### PROBLEM DETAILS
There are pictures in the records below; leave them out and set down exactly the lines from the one holding "trasie obiektów. Na" through the one holding "CLUB HARIE Valentine".

### EXTRACTED RECORDS
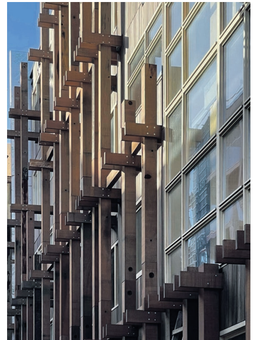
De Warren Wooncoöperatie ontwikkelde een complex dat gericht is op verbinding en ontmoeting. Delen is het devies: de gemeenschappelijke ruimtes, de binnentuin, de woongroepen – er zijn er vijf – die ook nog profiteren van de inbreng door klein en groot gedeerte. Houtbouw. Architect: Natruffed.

--

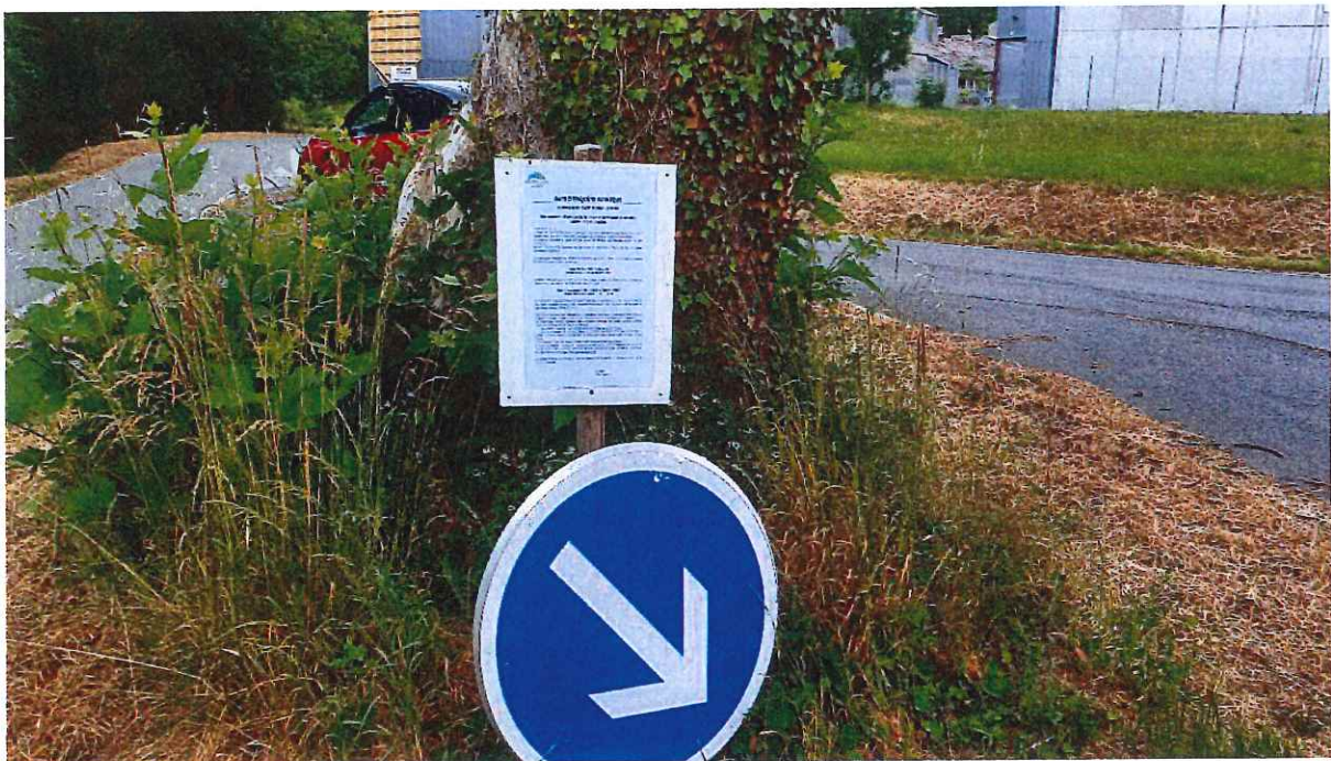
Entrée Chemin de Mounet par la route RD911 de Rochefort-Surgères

---

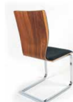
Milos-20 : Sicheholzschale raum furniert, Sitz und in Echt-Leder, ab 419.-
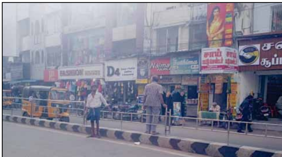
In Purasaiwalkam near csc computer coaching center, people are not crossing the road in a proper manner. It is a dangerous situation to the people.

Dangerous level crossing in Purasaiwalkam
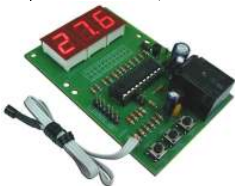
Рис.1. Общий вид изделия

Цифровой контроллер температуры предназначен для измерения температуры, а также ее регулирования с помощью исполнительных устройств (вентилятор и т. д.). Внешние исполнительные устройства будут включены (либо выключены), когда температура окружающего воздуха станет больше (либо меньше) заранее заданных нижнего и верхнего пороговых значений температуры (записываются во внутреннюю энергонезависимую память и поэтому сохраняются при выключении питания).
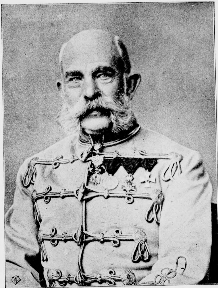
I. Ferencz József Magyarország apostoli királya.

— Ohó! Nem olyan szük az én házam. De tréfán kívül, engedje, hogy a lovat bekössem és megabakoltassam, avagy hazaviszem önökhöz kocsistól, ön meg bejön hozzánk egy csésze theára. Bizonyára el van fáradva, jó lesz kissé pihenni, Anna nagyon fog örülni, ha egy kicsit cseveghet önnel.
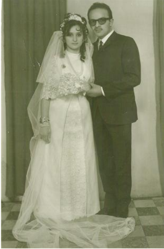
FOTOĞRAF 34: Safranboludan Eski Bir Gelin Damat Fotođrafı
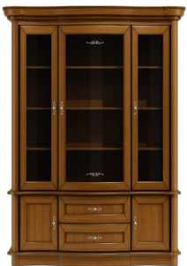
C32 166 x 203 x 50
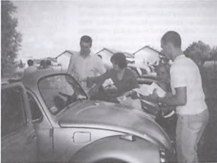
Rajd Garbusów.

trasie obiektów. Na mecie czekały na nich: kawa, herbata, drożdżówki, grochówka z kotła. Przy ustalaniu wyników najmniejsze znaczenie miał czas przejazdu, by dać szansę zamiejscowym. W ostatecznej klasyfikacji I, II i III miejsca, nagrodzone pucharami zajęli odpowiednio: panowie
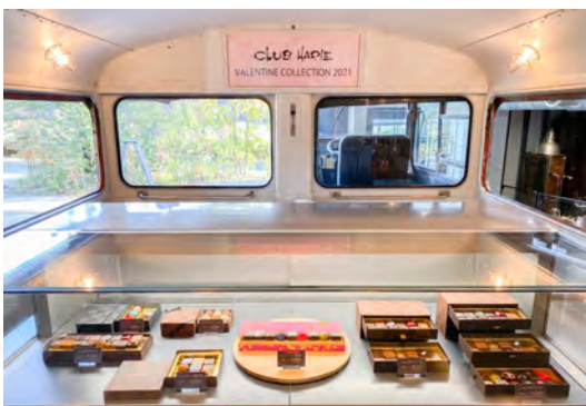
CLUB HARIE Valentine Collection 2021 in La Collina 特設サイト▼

### WRITTEN SOLUTION
trasie obiektów. Na mecie czekały na nich: kawa, herbata, drożdżówki, grochówka z kotła. Przy ustalaniu wyników najmniejsze znaczenie miał czas przejazdu, by dać szansę zamiejscowym. W ostatecznej klasyfikacji I, II i III miejsca, nagrodzone pucharami zajęli odpowiednio: panowie
CLUB HARIE Valentine Collection 2021 in La Collina 特設サイト▼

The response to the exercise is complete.